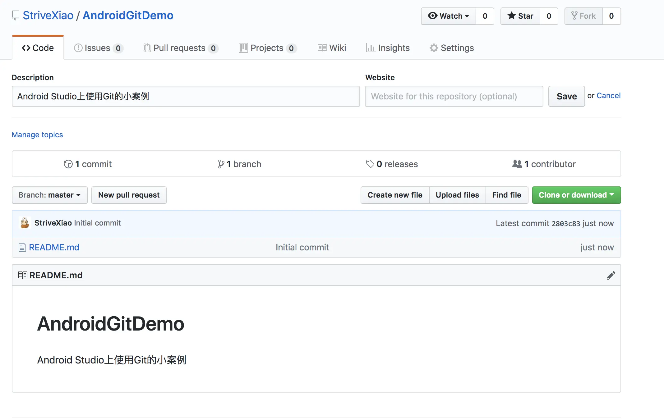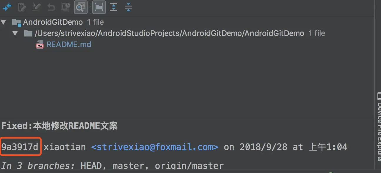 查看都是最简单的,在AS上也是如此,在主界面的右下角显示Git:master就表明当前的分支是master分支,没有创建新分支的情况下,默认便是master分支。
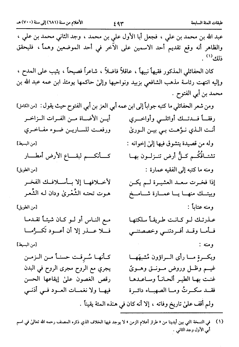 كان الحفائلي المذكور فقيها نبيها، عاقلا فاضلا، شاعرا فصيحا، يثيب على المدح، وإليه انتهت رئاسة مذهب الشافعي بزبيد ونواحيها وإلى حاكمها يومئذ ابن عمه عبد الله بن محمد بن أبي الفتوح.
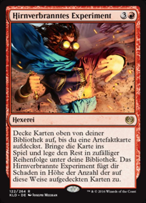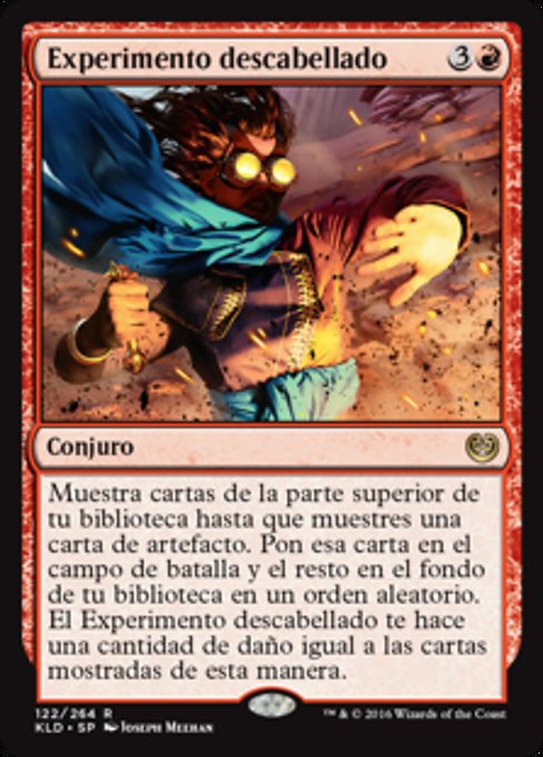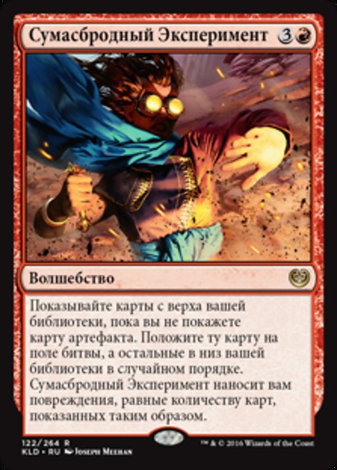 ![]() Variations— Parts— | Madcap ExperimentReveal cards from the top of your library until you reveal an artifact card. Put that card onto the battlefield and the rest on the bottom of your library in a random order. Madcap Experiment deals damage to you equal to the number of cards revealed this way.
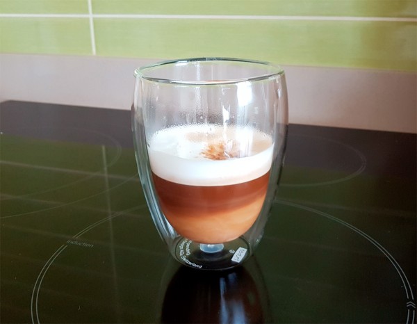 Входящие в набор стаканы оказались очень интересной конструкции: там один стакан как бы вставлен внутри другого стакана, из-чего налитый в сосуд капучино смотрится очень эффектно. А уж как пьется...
--*--
REQUIRED ACTION
Every line of the data is to be transcribed exactly, and no picture is to be included.

ANSWER BOX
 查看都是最简单的,在AS上也是如此,在主界面的右下角显示Git:master就表明当前的分支是master分支,没有创建新分支的情况下,默认便是master分支。
 كان الحفائلي المذكور فقيها نبيها، عاقلا فاضلا، شاعرا فصيحا، يثيب على المدح، وإليه انتهت رئاسة مذهب الشافعي بزبيد ونواحيها وإلى حاكمها يومئذ ابن عمه عبد الله بن محمد بن أبي الفتوح.
 ![]() Variations— Parts— | Madcap ExperimentReveal cards from the top of your library until you reveal an artifact card. Put that card onto the battlefield and the rest on the bottom of your library in a random order. Madcap Experiment deals damage to you equal to the number of cards revealed this way.
 Входящие в набор стаканы оказались очень интересной конструкции: там один стакан как бы вставлен внутри другого стакана, из-чего налитый в сосуд капучино смотрится очень эффектно. А уж как пьется...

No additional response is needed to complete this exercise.